Your goal.
Look through the records and copy each line with the string "looks" in it.

Information supplied.
────────────────────
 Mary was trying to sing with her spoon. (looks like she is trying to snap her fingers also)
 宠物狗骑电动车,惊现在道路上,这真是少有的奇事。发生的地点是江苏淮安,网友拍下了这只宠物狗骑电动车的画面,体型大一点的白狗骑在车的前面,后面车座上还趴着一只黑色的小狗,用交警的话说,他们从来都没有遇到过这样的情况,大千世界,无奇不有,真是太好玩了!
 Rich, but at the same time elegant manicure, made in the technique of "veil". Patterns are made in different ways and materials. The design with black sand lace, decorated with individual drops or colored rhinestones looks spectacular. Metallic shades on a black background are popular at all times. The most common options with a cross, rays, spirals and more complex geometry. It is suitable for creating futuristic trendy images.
────────────────────
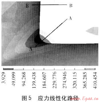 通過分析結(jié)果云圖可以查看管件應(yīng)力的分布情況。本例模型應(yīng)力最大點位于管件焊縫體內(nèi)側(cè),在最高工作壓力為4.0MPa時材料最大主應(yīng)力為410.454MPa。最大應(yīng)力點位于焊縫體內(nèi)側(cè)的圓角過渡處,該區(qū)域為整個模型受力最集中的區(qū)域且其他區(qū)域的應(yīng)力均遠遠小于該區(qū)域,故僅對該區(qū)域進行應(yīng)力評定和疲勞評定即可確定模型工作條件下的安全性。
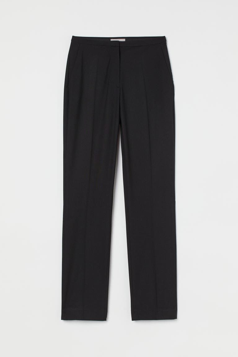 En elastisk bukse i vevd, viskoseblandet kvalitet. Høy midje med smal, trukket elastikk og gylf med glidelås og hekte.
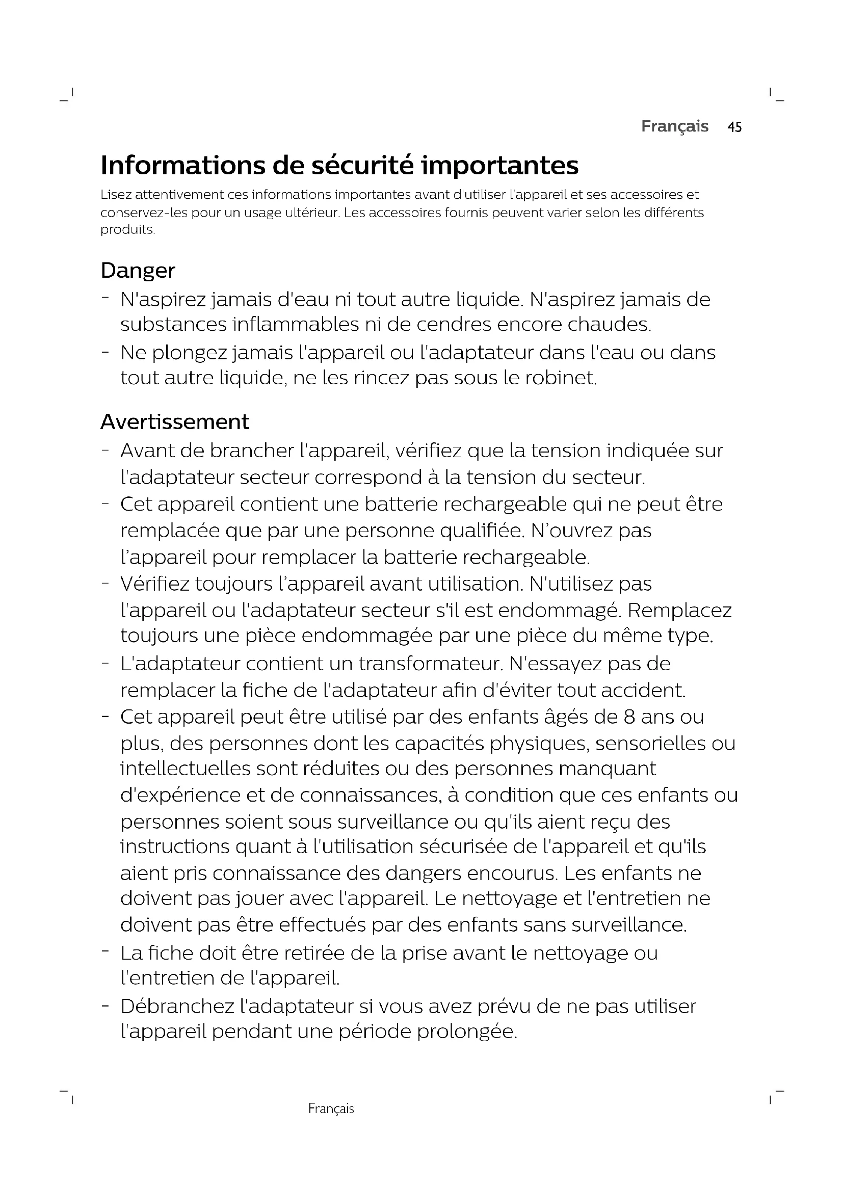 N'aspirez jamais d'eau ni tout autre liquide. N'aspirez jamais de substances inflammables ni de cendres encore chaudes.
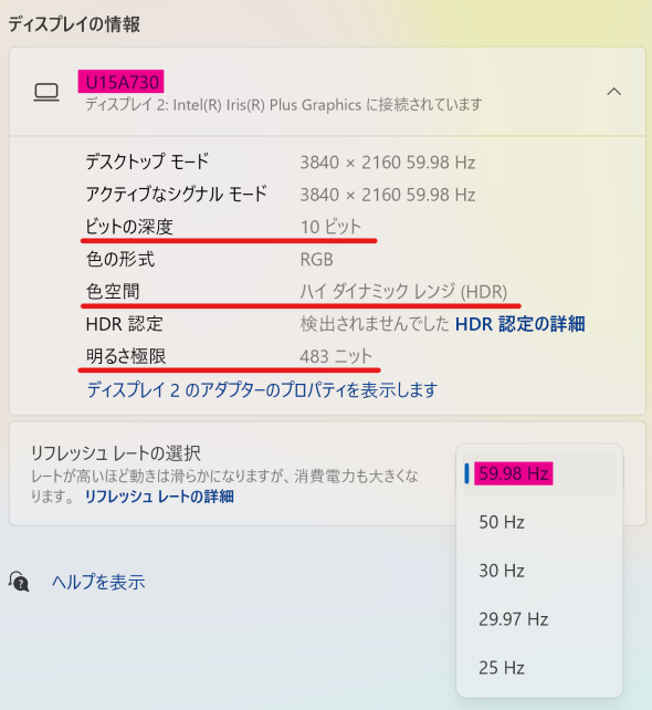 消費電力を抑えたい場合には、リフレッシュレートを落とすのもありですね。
────────────────────
Final answer.
 Mary was trying to sing with her spoon. (looks like she is trying to snap her fingers also)
 Rich, but at the same time elegant manicure, made in the technique of "veil". Patterns are made in different ways and materials. The design with black sand lace, decorated with individual drops or colored rhinestones looks spectacular. Metallic shades on a black background are popular at all times. The most common options with a cross, rays, spirals and more complex geometry. It is suitable for creating futuristic trendy images.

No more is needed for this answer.